Importing the necessary packages

The data

The data set contains all the transactions occurring between 01/12/2010 and 09/12/2011 for a UK-based and registered non-store online retail.The company mainly sells unique all-occasion gifts. Many customers of the company are wholesalers.

There are 541909 rows and 8 coulmns in our data

Data Pre-processing

Since the "Quantity" column signifies quantity of orders, it is safe to assume that the quantity can never be negative. We shall now look into different values of the "Quantity" column

We may notice above that the "Quantity" column 10624 rows that have values that are less than 0. We shall now drop these rows and retain only the records for which the "Quantity" is greater than 0.

Similarly we can notice that the "UnitPrice" column has values that are less than 0 for 2 records. Since, any price cannot be less than 0, we shall drop these records.

We notice that the two columns "Description" and "CustomerID" have NULL values.

We notice that just by dropping the CustomerID column to retain only the not NULL values, the NULL values in the description column has also been taken care of.

There are 5192 duplicate rows in the data set and now we shall remove them.

After data-preprocessing, we have 392732 rows and 8 columnns in our dataset

Feature Engineering

We have the columns for "Quantity" and "UnitPrice". Now we shall create a new column for Sales which is just the product of "Quantity" and "UnitPrice"

We notice that the InvoiceDate is of the 'object' datatype. We shall convert it into a datetime object so that it is easier to perform further manipulations

The InvoiceDate is now a datatime datatype. Now we shall create columns for date, year, month, week of the year, day of the week, hour of the day.

After the data manipulation and feature engineering, our data now has 392732 rows and 17 coulumns

After Feature Engineering, we have 392732 rows and 17 columnns in our dataset

Exploratory Data Analysis (EDA)

Count of transactions for each country

From the above chart, we can see that most of the cusomers (349227 which is almost 88% of the customers) are from United Kingdom.

And since the description of the dataset does mention that the data "is a transnational data set which contains all the transactions occurring between 01/12/2010 and 09/12/2011 for a UK-based and registered non-store online retail.The company mainly sells unique all-occasion gifts. Many customers of the company are wholesalers." So, it makes sense that most of the customers are from the UK.

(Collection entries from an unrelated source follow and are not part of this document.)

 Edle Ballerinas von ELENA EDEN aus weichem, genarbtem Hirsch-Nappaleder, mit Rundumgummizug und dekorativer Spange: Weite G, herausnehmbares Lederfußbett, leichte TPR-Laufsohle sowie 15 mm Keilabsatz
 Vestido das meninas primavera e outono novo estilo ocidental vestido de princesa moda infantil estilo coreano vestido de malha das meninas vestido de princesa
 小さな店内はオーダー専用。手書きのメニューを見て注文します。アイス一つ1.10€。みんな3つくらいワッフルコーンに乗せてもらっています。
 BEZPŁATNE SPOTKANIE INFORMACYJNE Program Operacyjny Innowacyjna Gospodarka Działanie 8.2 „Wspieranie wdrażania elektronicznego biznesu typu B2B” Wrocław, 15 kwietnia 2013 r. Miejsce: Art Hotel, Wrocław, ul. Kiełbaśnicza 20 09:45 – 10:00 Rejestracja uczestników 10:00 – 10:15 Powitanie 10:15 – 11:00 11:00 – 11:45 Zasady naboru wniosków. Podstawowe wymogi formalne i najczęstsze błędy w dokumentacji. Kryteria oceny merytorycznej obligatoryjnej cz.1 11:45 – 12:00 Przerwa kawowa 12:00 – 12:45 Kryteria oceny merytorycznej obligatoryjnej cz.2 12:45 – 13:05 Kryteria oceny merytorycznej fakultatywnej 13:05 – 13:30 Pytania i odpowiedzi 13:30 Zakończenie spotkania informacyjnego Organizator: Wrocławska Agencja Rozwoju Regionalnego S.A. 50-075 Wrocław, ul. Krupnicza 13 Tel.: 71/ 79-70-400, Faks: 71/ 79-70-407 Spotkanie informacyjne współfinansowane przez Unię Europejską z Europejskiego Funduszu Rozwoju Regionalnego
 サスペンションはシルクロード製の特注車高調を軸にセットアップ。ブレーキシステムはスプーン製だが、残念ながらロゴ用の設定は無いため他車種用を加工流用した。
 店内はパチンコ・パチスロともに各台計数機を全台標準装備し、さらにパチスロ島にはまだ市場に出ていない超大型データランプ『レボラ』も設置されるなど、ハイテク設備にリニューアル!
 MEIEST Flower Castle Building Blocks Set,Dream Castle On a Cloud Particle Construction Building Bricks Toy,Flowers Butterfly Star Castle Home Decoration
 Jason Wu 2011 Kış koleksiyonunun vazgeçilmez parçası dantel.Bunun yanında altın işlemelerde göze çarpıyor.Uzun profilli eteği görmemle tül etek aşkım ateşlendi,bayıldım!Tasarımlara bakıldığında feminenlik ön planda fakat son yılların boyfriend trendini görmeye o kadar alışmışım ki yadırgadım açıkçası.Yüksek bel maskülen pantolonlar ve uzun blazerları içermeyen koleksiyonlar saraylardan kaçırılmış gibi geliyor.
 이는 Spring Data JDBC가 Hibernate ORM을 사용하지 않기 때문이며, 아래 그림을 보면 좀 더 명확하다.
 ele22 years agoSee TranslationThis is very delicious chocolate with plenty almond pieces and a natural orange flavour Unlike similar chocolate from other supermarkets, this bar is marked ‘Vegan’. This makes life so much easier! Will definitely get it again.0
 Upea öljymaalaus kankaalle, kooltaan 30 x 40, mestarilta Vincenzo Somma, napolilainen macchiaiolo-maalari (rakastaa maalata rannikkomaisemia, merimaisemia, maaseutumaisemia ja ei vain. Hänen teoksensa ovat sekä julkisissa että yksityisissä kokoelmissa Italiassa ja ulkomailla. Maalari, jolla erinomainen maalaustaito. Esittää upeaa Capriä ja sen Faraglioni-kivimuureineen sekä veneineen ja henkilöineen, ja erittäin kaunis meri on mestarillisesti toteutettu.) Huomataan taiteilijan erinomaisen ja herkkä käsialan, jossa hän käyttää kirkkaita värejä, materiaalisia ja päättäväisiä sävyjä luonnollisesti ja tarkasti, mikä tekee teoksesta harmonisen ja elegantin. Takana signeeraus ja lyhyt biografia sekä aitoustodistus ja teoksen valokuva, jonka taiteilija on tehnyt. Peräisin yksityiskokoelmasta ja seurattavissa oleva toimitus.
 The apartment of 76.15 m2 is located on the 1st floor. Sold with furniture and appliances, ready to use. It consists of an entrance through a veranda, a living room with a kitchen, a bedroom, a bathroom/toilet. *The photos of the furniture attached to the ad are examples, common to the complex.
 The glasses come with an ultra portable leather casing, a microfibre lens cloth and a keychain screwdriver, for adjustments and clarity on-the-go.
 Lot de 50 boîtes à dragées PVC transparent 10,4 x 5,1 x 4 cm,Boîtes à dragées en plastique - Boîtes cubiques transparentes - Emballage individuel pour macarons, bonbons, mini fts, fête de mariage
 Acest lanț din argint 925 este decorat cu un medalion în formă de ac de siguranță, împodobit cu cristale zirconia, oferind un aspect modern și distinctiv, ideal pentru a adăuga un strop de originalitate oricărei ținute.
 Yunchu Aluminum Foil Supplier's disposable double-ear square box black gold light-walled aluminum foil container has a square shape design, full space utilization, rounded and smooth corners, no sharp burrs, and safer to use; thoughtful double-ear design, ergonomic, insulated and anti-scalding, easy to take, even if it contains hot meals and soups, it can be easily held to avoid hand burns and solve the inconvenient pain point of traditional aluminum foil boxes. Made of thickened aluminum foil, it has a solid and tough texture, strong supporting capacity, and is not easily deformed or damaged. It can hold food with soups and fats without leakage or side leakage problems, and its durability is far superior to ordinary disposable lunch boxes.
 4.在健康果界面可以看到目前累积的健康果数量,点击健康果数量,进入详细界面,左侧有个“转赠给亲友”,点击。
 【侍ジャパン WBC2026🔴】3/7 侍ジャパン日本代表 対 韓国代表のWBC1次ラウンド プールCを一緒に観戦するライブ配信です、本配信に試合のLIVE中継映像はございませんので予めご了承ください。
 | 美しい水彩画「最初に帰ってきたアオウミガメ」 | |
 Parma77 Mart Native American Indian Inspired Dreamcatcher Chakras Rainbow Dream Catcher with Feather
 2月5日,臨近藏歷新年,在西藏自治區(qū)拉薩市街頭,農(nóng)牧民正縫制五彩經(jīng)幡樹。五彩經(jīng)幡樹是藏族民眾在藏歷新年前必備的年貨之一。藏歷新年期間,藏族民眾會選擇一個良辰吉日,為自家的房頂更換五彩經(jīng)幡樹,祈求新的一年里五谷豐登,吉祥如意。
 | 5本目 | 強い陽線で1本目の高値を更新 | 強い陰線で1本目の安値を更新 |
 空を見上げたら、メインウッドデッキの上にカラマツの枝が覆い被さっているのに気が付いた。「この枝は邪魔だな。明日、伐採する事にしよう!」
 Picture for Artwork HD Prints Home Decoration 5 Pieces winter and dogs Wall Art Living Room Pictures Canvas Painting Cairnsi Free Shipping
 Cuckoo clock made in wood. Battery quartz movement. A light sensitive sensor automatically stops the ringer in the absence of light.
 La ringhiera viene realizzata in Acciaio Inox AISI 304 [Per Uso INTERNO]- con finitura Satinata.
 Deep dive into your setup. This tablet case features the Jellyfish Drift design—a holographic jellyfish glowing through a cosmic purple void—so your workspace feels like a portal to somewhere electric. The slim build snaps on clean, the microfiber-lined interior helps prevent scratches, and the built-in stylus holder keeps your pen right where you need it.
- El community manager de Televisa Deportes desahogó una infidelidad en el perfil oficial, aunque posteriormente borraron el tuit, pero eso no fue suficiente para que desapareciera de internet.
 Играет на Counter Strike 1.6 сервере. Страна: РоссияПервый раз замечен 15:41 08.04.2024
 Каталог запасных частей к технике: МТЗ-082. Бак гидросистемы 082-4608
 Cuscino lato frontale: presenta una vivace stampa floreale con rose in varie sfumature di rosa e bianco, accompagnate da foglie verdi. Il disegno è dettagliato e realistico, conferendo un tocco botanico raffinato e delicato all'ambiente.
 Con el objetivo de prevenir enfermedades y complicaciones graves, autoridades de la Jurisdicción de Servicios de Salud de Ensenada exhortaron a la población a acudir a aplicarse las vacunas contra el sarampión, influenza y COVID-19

Count of transactions, quantity of orders, and sales on each day of the year

Insights

From the above time series chart, we can see that there is an increasing trend in the count of orders over the year.
And there is also a seasonal trend in both the quantity of orders placed and the corresponding sales. However, we do notice that there are two peaks - one at the beginning of the year and one at the end. But we do not have enough evidence from the data to determine whether these are genuine data points or outliers. The description of the data says that "The company mainly sells unique all-occasion gifts. Many customers of the company are wholesalers." We can assume that some wholesale dealer bought bulk of the items on those particular days.

Similarly, we notice a peak at the end of the year, and since we do not know for sure whether it is an outlier, we shall have it in our analysis for now. If we know more about the data and the domain knowledge, we can make a more educated guess as to whether or not to include the datapoint in our analysis.

Quantity of orders and sales on each month of the year

Insights

Since the data is from 01/12/2010 and 09/12/2011, it seems logical that the number of orders are way more in 2011 as compared the number of orders in the year 2010. From the above two charts, we notice that the count of orders and the sales follow a similar pattern except for the months September and December where relatively less number of orders have produced comparitively more sales. We may infer that high priced good got sold more during these months as compared to other months.

Sales on each week of the year

Insights

We notice that the sales were at its peak during the 49th month of the year. However, as we noticed in the trend charts for the sales above, we found a peak in the last month which could have been on the 49th week.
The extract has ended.